California supplies almost half of our nation’s produce, and I spent a lot of time on the tour observing the differences between organic versus conventional farming. I heard everything from, “doesn’t all organic food have to be flown in from Chile” to “only conventional farming can feed the world.” Working at the East End Food Co-op, I focus on local and organically-grown produce. It’s easy to forget these values aren’t upheld by a majority of Americans. I am used to working directly with our farmers, many of whom manage a few diverse acres of farmland. One day in California, as I stood among thousands of acres of grapes at the Dulcich family “small operation” farm, I knew my understanding of industrial agriculture was about to be turned on its head.

At Lakeside Organics, a one thousand acre operation in the Salinas Valley, we stood in front of a field of organic spinach and heard from their pest manager about his program of reintroducing gallons of ladybugs into their fields and companion planting crops with alyssum to attract beneficial native flies. Lakeside Organics was visibly restoring the land.

Family Tree Farm, on the other hand, extolled the virtues of conventional farming. They even teach a three-day course that, among other things, preaches this ideology. Family Tree owns and leases property in several states around the country and more recently has taken up land acquisition in Mexico and Peru for blueberry production. While they run their tens of thousands of mainly conventional fruit orchards, they believe strongly that running a tractor once a season to spray-kill weeds is far superior to the organic methodology of running tractors every other week with weeding attachments.
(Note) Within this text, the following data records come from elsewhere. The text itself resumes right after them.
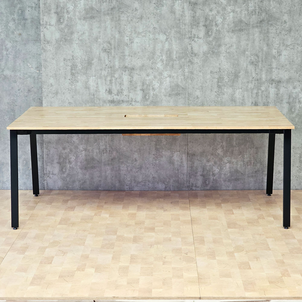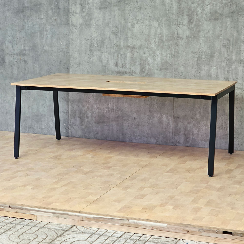 Bàn Họp HBAT011 Aton Concept chân sắt chữ nhật 25x50. Bàn văn phòng gỗ cao su ghép tiêu chuẩn AA dày 17mm PU màu gỗ tự nhiên luôn có một vẻ đẹp riêng, thân thiện với môi trường, đối với các văn phòng mở, văn phòng kết hợp với cây xanh thì việc sử dụng bàn gỗ cao su chân sắt kết hợp trở nên hoàn hảo. Chất liệu gỗ cao su tại Home Office là gỗ ghép dày 17mm tiêu chuẩn AA ( 2 mặt đẹp) được xử lý qua 4 công đoạn trước khi PU hoàn thiện cho bề mặt sản phẩm rất đẹp mắt, chống nước tuyệt đối. Khung chân sắt sơn tĩnh điện với cơ cấu ngàm lắp ráp dễ dàng.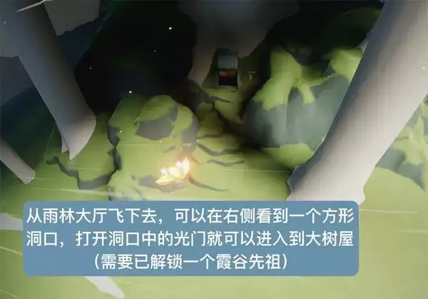 1、先来到雨林大厅,飞过云洞到草坪,从洞里进去到树屋地图。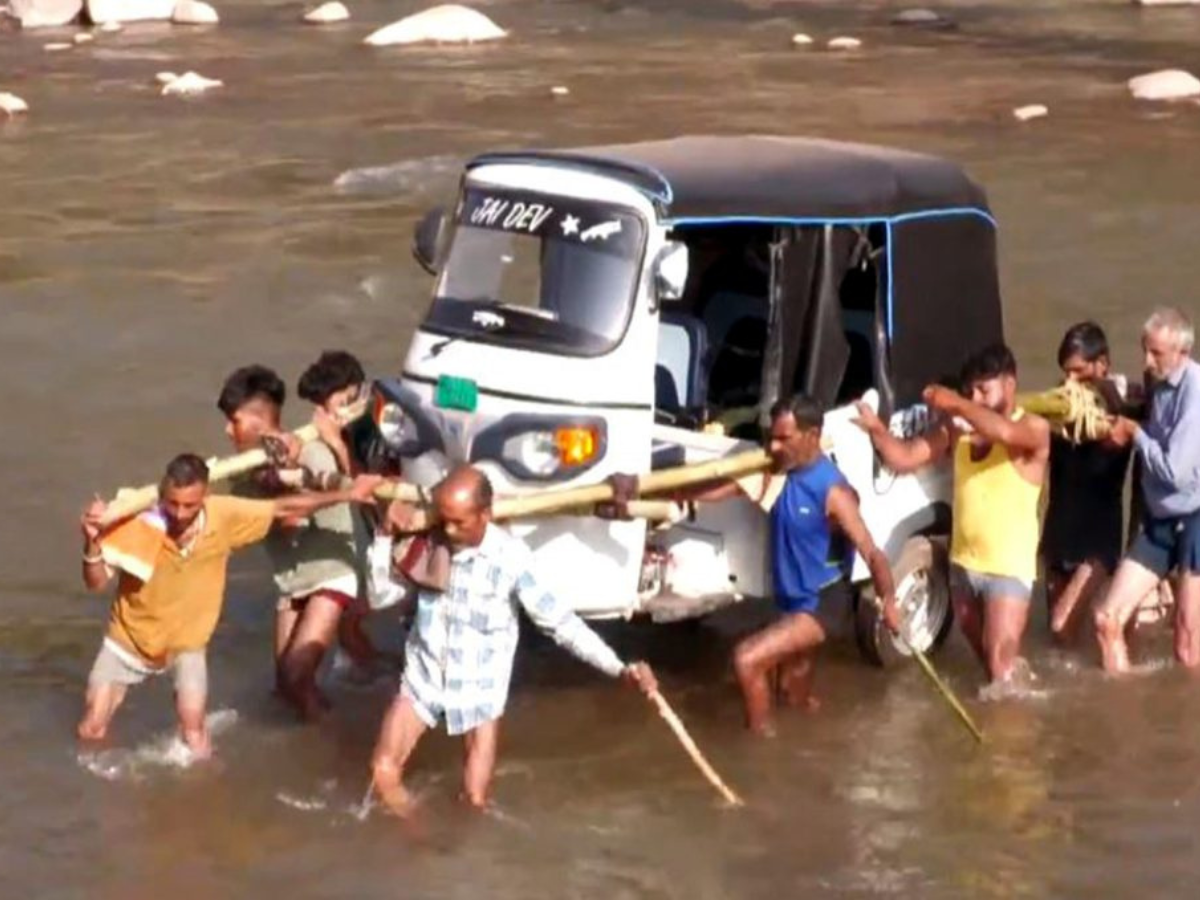 Visuals from the area showed villagers carrying an auto rickshaw on their shoulders to navigate the waterway, as there are now no means of transportation available. Locals said the bridge, which had stood for nearly a decade, was destroyed after incessant rains triggered flash flooding.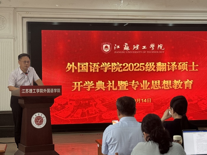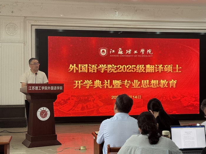 第一阶段为开学典礼。外国语学院院长张鑫首先致辞,热烈欢迎首批翻译硕士新生的到来。他介绍了学院简况,指出学院MTI培养目标为在人工智能时代背景下致力于培养具有深厚人文底蕴、扎实实践能力、开阔国际视野的高层次应用型翻译人才。研究生导师代表、外国语学院教授张德福发言,他分享了自己求学经历和感悟,期待研究生们主动践行“自信、努力、自律、感恩”的人生观和价值观。25研翻译1班刘路易作为新生代表发言,她表示以“厚德、博学、笃行”的校训作为自己研究生生涯的学习指南。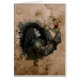 Un chevalier foncé offre une seule rose rouge sanguine, dans l'aquarelle grunge dégoulinante et style encre sur papier vieilli.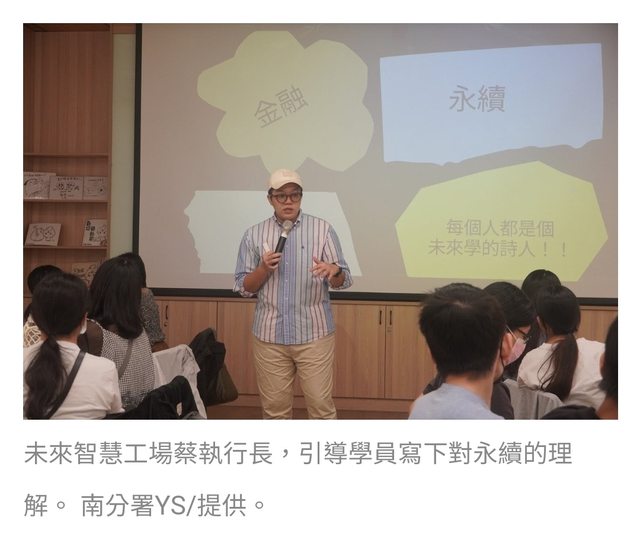 雲嘉南YS安排以雙講師來跟青年朋友分享永續金融議題,國立成功大學未來智慧工場執行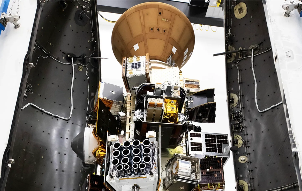 | The Exploration Company's Nyx capsule on top of Transporter-14’s payload stack. Credit: SpaceX |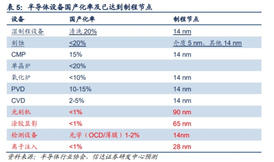 据信达证券预计,若中国的半导体设备要达到自主可控的程度,产业链各环节的国产化率需要达到60%左右的水平。但截止目前,仅有清洗设备的国产化率达到了20%,刻蚀、单晶炉仍低于20%,CMP、PVD两类设备则低于15%,其他环节设备的国产化率则处于更低水平。显然,当前中国的国产化仍处于初期阶段。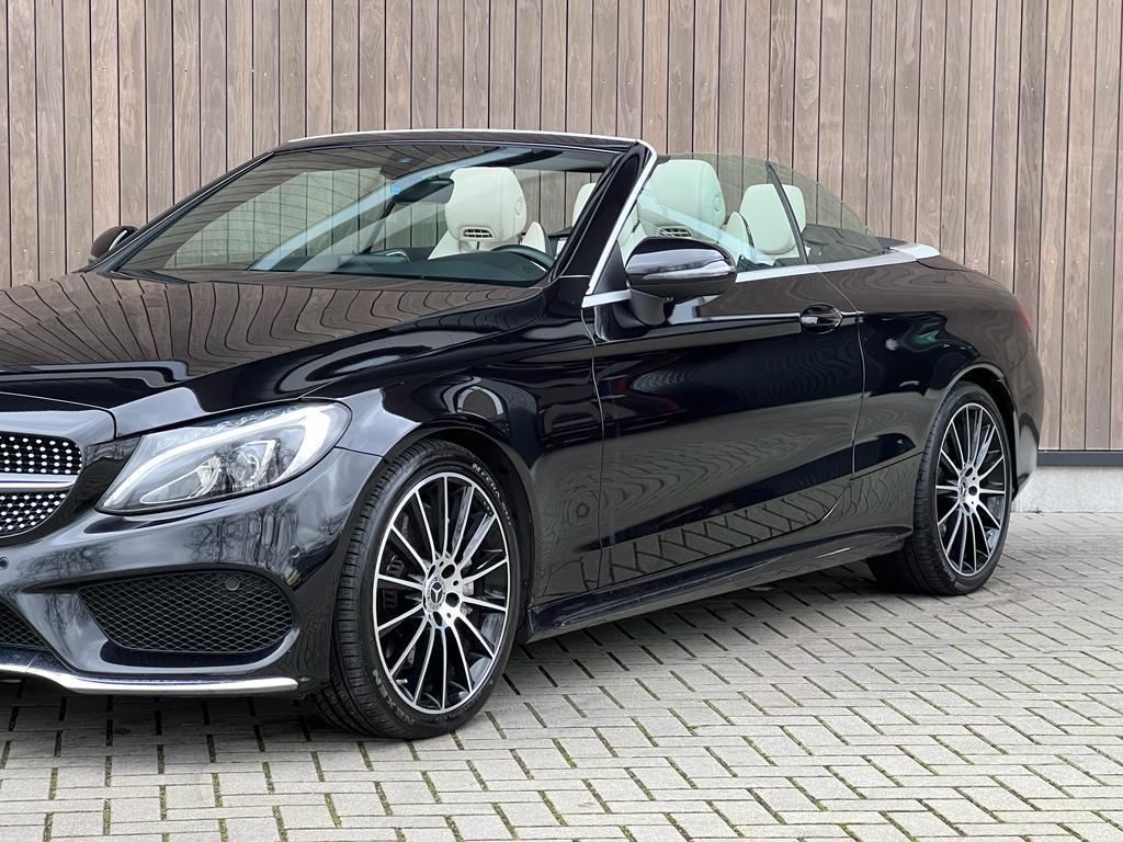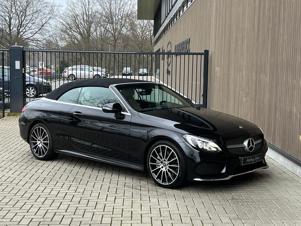 "Lichtmetalen velgen 18""", AMG-styling, AMG Line Exterieur, AMG Line Interieur, Accident Avoidance System, Achterbank in delen neerklapbaar, Achteruitrijcamera, Airbag(s) hoofd achter, Airbag(s) hoofd voor, Airbag(s) knie, Airbag(s) side voor, Airbag bestuurder, Airbag passagier, Alarm klasse 3, Aluminium interieur afwerking, Anti Blokkeer Systeem, Anti Blokkeer Systeem (ABS), Anti Slip Control, Armsteun voor, Audioinstallatie met CD-speler, Autotelefoonvoorbereiding met Bluetooth, Bandenspanningscontrolesysteem, Binnenspiegel automatisch dimmend, Bots herkenning en activatie, Brake Assist System, Buitenspiegel(s) automatisch dimmend, Buitenspiegels elektrisch inklapbaar, Buitenspiegels elektrisch verstelbaar, Buitenspiegels verwarmbaar, Cabrio-pakket, Centrale deurvergrendeling met afstandsbediening, Chroom delen exterieur, Connected services, Cruise control, Dimlichten automatisch, Dodehoek detector, Electronic Brake Distribution, Electronic Stability Program, Electronic Stability Program (ESP), Electronic climate controle, Elektrisch bedienbare kap, Elektrische ramen achter, Elektrische ramen voor, Hill hold-functie, Kruisend verkeer detectie, LED achterlichten, LED dagrijverlichting, LED koplampen, Lederen bekleding, Lederen stuurwiel, Metallic lak, Multimedia-voorbereiding, Navigatie-systeem full map, Nekverwarming, Parkeer-assistent, Parkeersensor voor en achter, Regensensor, Rijassistentiepakket, Rijstrooksensor met correctie, Schakelmogelijkheid aan stuurwiel, Sportstuur, Start/stop systeem, Stuur verstelbaar, Stuurwiel multifunctioneel, Tractie Controle Systeem (TCS), Vermoeidheids herkenning, Voorstoelen verwarmd, Warmtewerend glas, Windscherm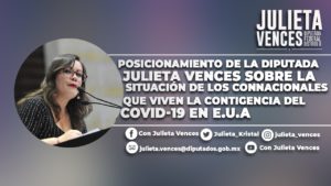 POSICIONAMIENTO DE LA PRESIDENTA DE LA COMISIÓN DE ASUNTOS MIGRATORIOS JULIETA KRISTAL VENCES VALENCIA SOBRE LA SITUACIÓN DE LOS CONNACIONALES QUE VIVEN LA CONTIGENCIA DEL COVID-19 EN ESTADOS UNIDOS. 14 abril, 2020 Leer más »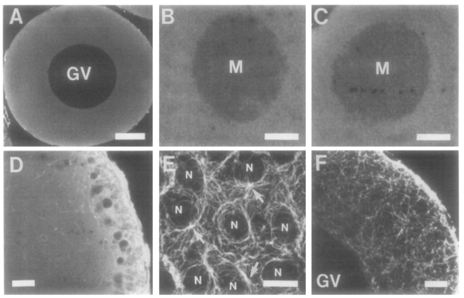 hemisphere of this enucleatcd oocyte (60X obj; bar is 12.5 nm). (D) A less ordered microtubule array in the vegetal hemisphere of an enucleated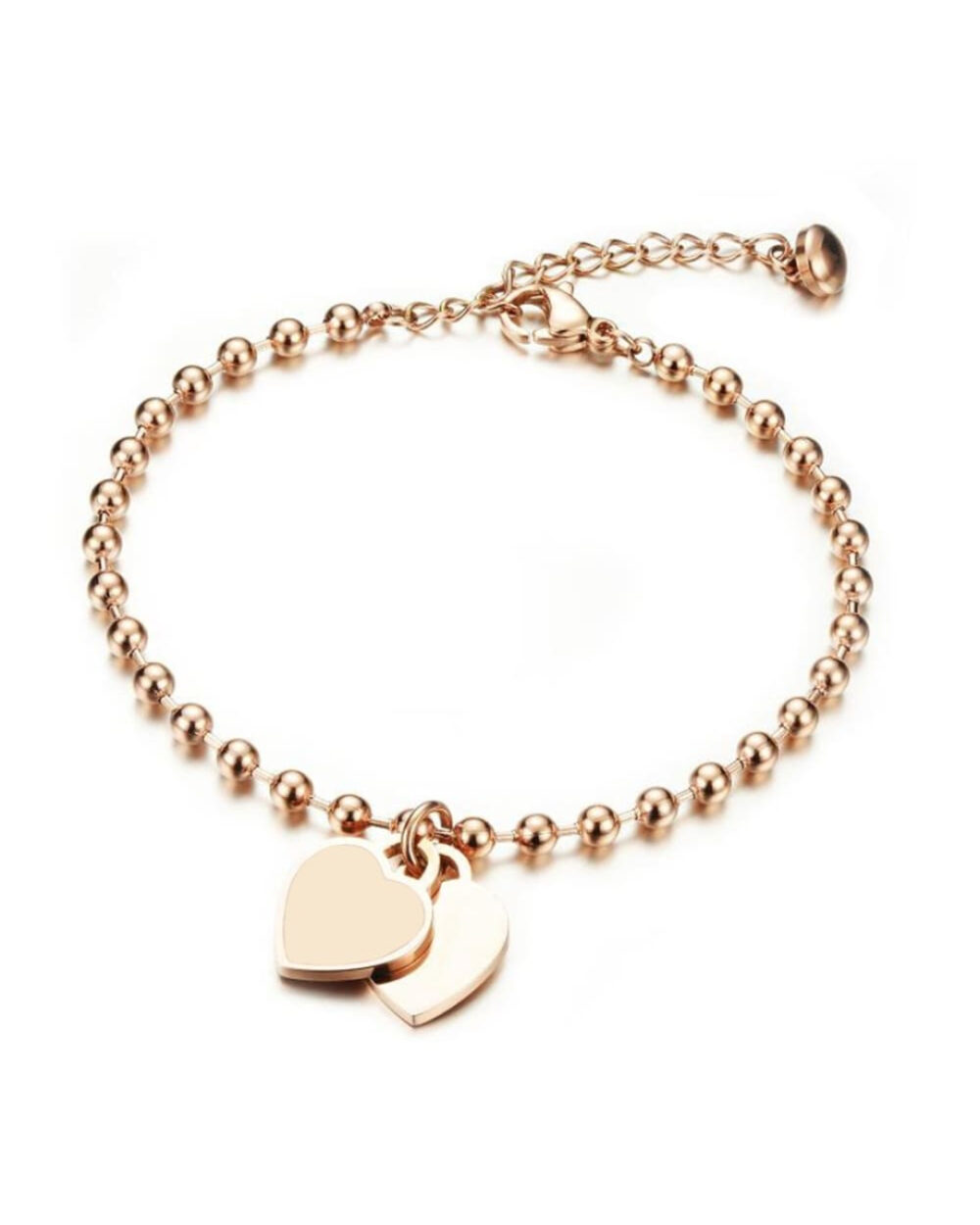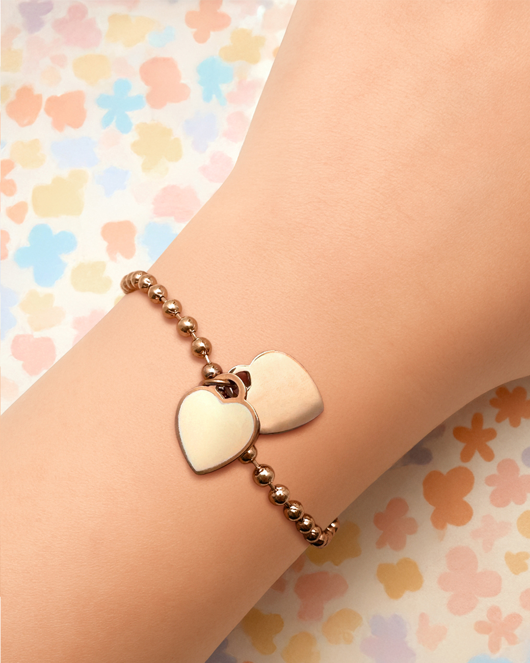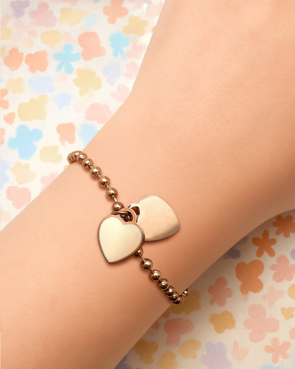 Simple yet sweet, this highly polished bracelet features two heart charms. This bracelet is designed with a classic ball chain for a petite look and it is fastened with an adjustable lobster claw clasp. Crafted from 18K Rose Gold layered stainlees steel, this lovely piece is fit for on-the-go ladies.

I contemplated the tradeoffs between burning diesel and spraying herbicides. Huge entities farm much of California’s produce using conventional techniques. Large organic farms approach production in the same way as conventional operations, just with different inputs at higher frequency rates. I can start to appreciate why some Americans aren’t clear about the value of organic produce, given the issues with production at this scale.

What all the farmers shared, whether their approach was conventional or organic, is their care and passion for their operations and what they grow. Cut-to-cool times (the amount of time between harvest and refrigeration) are taken very seriously, as is minimizing how many hands touch the produce before it gets to the consumer.

Dole’s celery operation, for instance, is completely packaged in cases in their fields. Two people touch the celery and it is guaranteed in a cooler within four hours. These folks believe in their products and the reality is that we haven’t figured out a scalable alternative to growing produce in this particular semi-arid part of the country.

Despite some of the hesitation I heard on my tour of California, the reality is there is growing interest in organics by the American consumer, and they demand a wide selection of fruits and vegetables all year long. If 52 million organic strawberry plants per year in one small section of Driscoll’s organic strawberry fields can’t come close to keeping up with demand, there’s a larger issue at play. We can either dramatically alter our food culture or look to entrepreneurial farmers to figure out ways of meeting our demands.

As some of these thoughts begin to clarify, I realize I’m standing in a 20,000 square-foot cooler at 11 am. It’s 34 degrees, and I’m surrounded by 6 million pounds of processed vegetables, mostly cut spinach and spring mix, watching a robot arm pack 180 boxes of salad per minute. What is even crazier is that 85% of what I’m seeing in this warehouse will be on a truck headed out of California by 2 am. So, while I know it won’t be long until I buy another one—pound box of Olivia’s Organic spring mix, boy am I excited to buy my next head of local, organically grown lettuce that only traveled an hour from a small-operation farm outside of Pittsburgh to my co-op.